Records from a data source:
=== Begin Enclosure ===

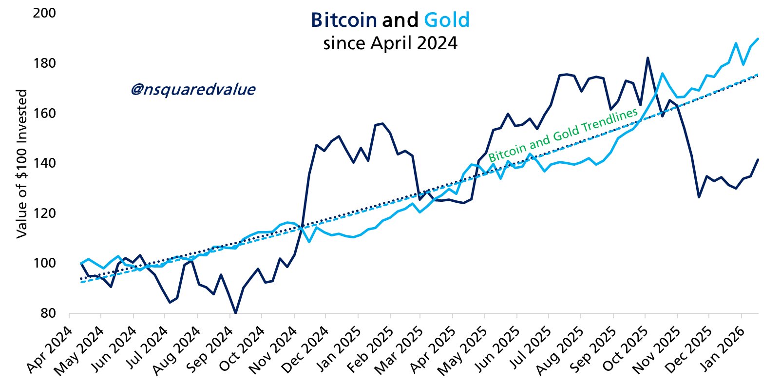 网络经济学家Timothy Peterson在评论中对比特币赶上黄金历史走势的能力保持信心。他在周末告诉X的关注者:“比特币和黄金的趋势线几乎完全重合。两者都朝着同一个方向前进,只是路径不同。”
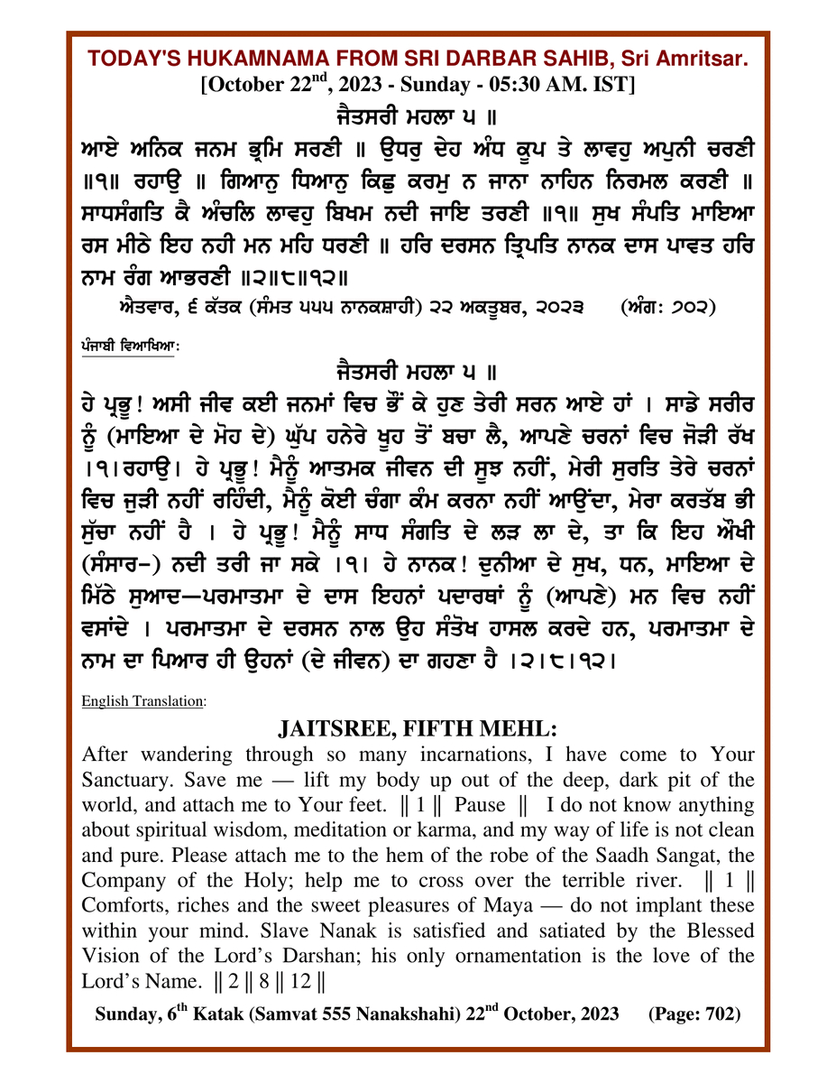 Source : SGPC Post navigation Today’s MUKHWAK Sri Darbar Saheb Amritsar – October 21st, 2023 Today’s MUKHWAK Sri Darbar Saheb Amritsar – October 23rd, 2023
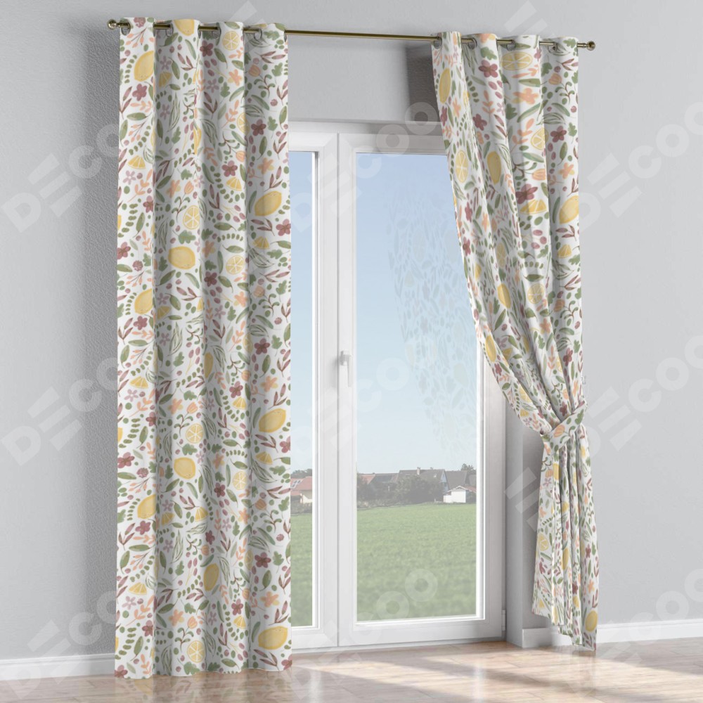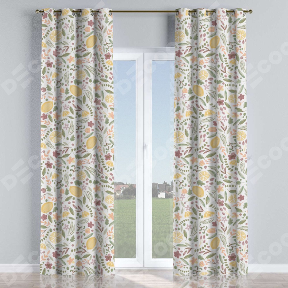 Комплект прямых штор, от производителя «Cortin», пошиты из ткани блэкаут с нанесением сублимационной печати «Лимоны и цветы». Данная модель пошита на люверсах, комплектуется на выбор круглым карнизом и подходит для монтажа на стену или потолок. Прямые шторы на люверсах шьются по стандарту с коэффициентом 1/2 (на 100 см. ширины проёма 200 см. ширины ткани), отличительным преимуществом данной модели является простой способ монтажа. Достаточно повесить ее на трубу и штора готова!
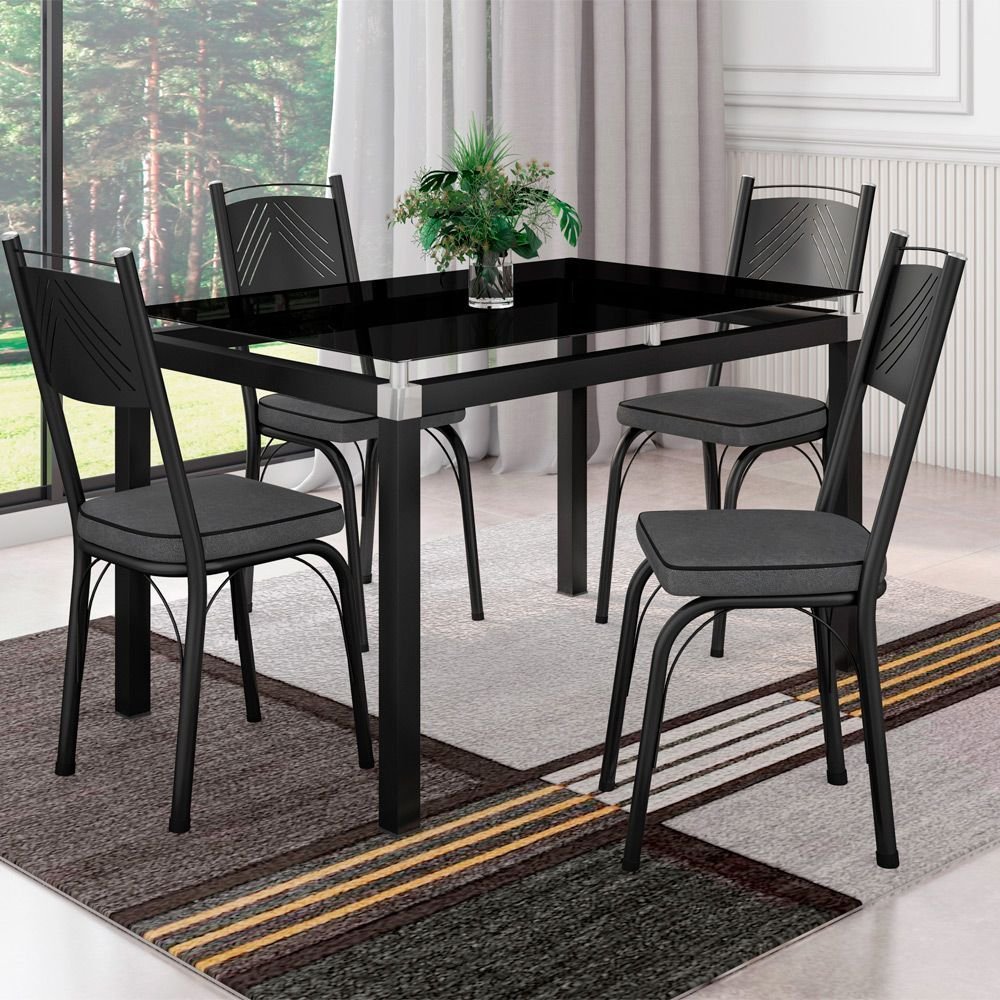 Conjunto Sala de Jantar Mesa com 4 Cadeiras 151 Malva Tampo de Vidro 107cm A01 Preto/assento Andorin
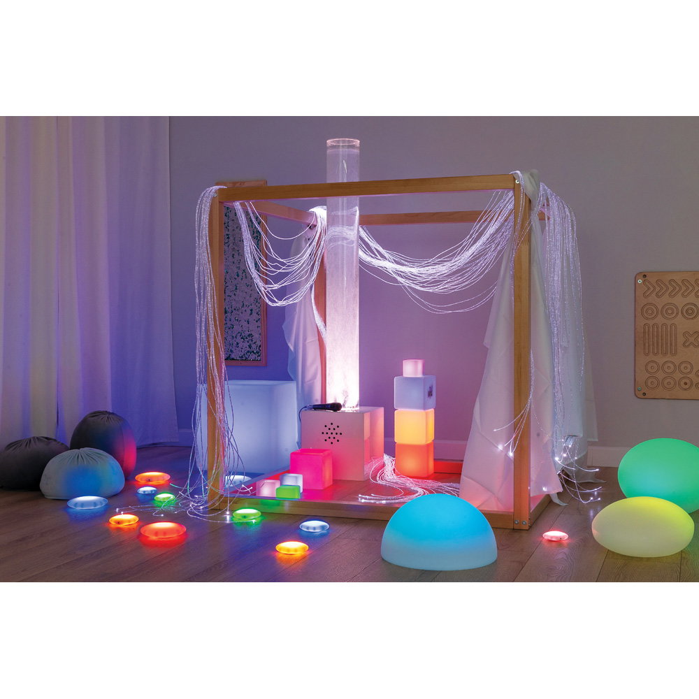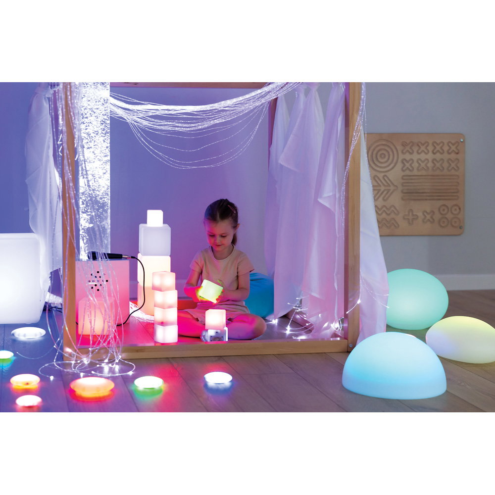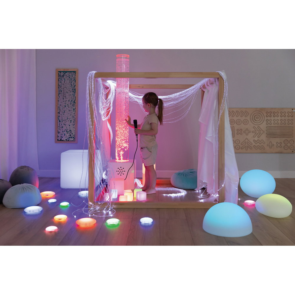 Das sanfte, dimmbare Licht in verschiedenen Farben schafft eine beruhigende Atmosphäre, die nachweislich Stress und Ängste reduzieren kann. - Unterstützung für die sensorische Therapie
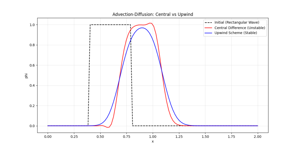 この現象の本質は、数値安定性と情報伝播の方向性にあります。中心差分は「右側の情報」と「左側の情報」を対称的に扱うため、物理的な流れの方向(上流→下流)を無視してしまいます。移流項は本来、情報が上流から下流へ一方向に伝わる性質(双曲型PDEの特徴)を持っていますが、中心差分は下流側の値も参照してしまうため、物理的な因果関係と計算上の参照関係が矛盾します。
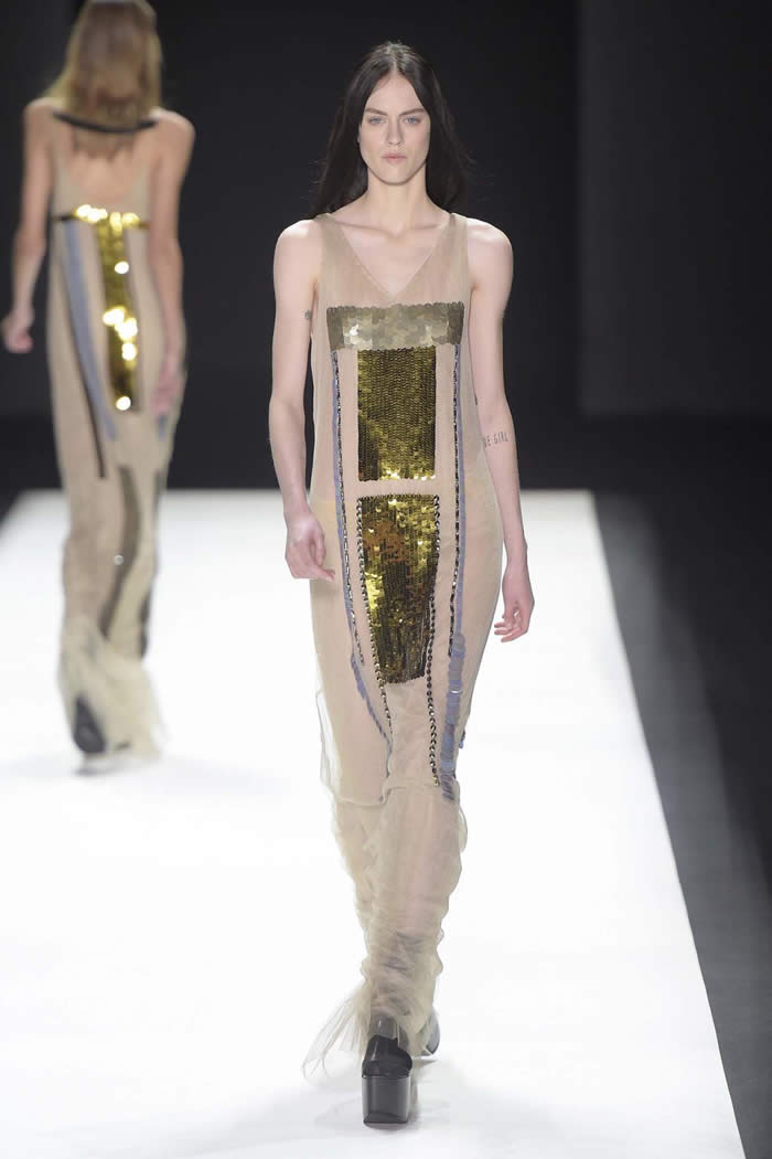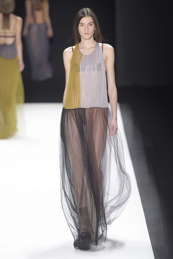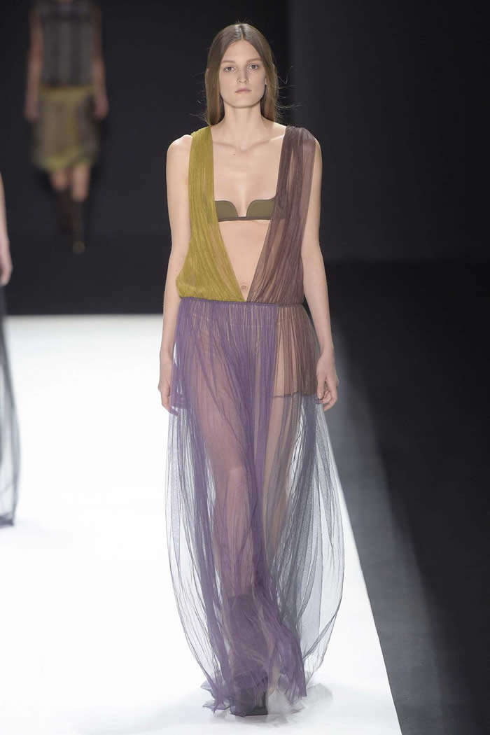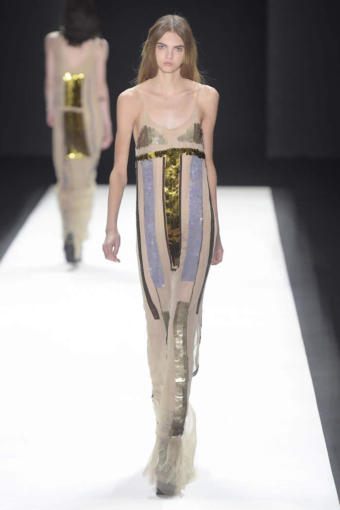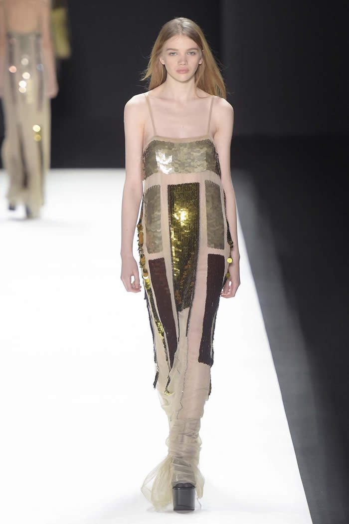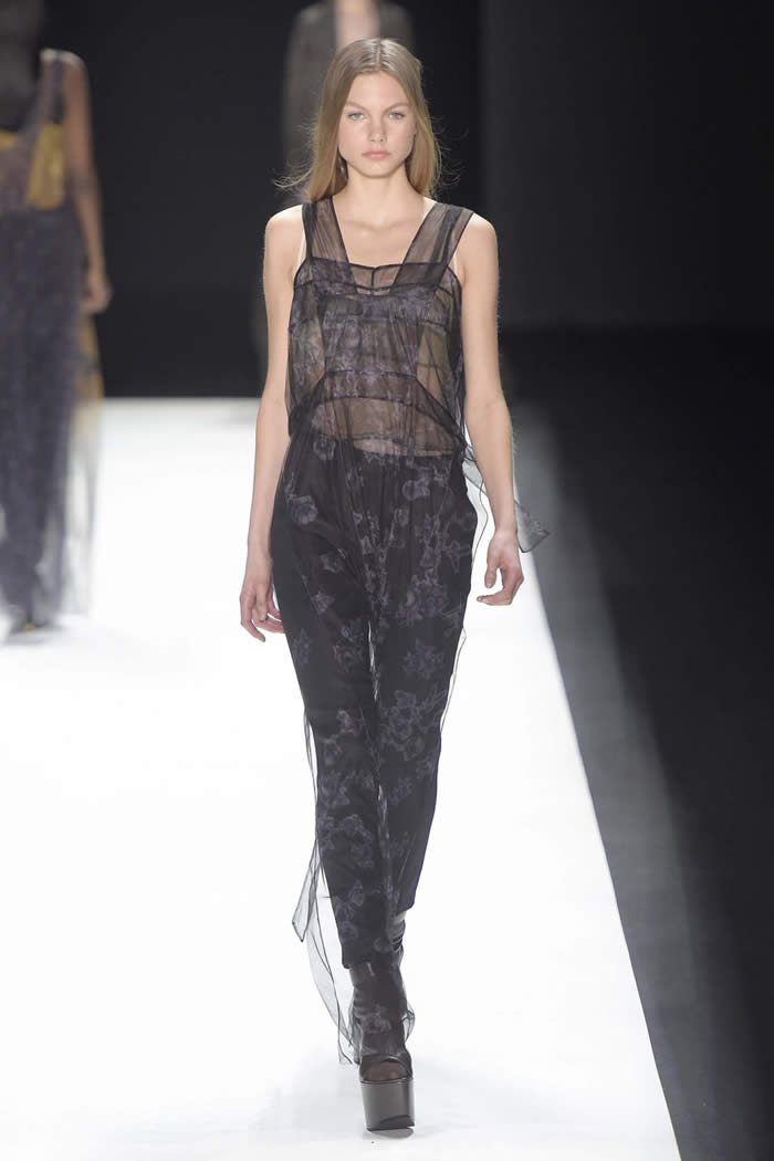 The intentional heft of materials that appeared first in the wool kilts found alternative expression in thick, multicolored furs, including a pair of long vests worn as dresses. Vera Wang then pulled a provocative 180 on the texture front while maintaining the darkly evocative mood. The aforementioned florals blossomed as long, light-as-air robes over lighter chiffon aprons and trousers, while see-through tulle dresses in blocks of somber shades worked the Goth side of sheer over microscopic black wool bras. On the more heavenly front: whisper-delicate nude tulle gowns with panels of geometric sequined embroidery. Both were exquisite and, assuming proper underpinnings in place, cried out for Oscar attention.

=== End Enclosure ===

§ **Directions**:
Please print the lines from the one holding "Conjunto Sala de" through the end of the records above, unchanged and with the pictures left out.

§ **Answer for the task**:
 Conjunto Sala de Jantar Mesa com 4 Cadeiras 151 Malva Tampo de Vidro 107cm A01 Preto/assento Andorin
 Das sanfte, dimmbare Licht in verschiedenen Farben schafft eine beruhigende Atmosphäre, die nachweislich Stress und Ängste reduzieren kann. - Unterstützung für die sensorische Therapie
 この現象の本質は、数値安定性と情報伝播の方向性にあります。中心差分は「右側の情報」と「左側の情報」を対称的に扱うため、物理的な流れの方向(上流→下流)を無視してしまいます。移流項は本来、情報が上流から下流へ一方向に伝わる性質(双曲型PDEの特徴)を持っていますが、中心差分は下流側の値も参照してしまうため、物理的な因果関係と計算上の参照関係が矛盾します。
 The intentional heft of materials that appeared first in the wool kilts found alternative expression in thick, multicolored furs, including a pair of long vests worn as dresses. Vera Wang then pulled a provocative 180 on the texture front while maintaining the darkly evocative mood. The aforementioned florals blossomed as long, light-as-air robes over lighter chiffon aprons and trousers, while see-through tulle dresses in blocks of somber shades worked the Goth side of sheer over microscopic black wool bras. On the more heavenly front: whisper-delicate nude tulle gowns with panels of geometric sequined embroidery. Both were exquisite and, assuming proper underpinnings in place, cried out for Oscar attention.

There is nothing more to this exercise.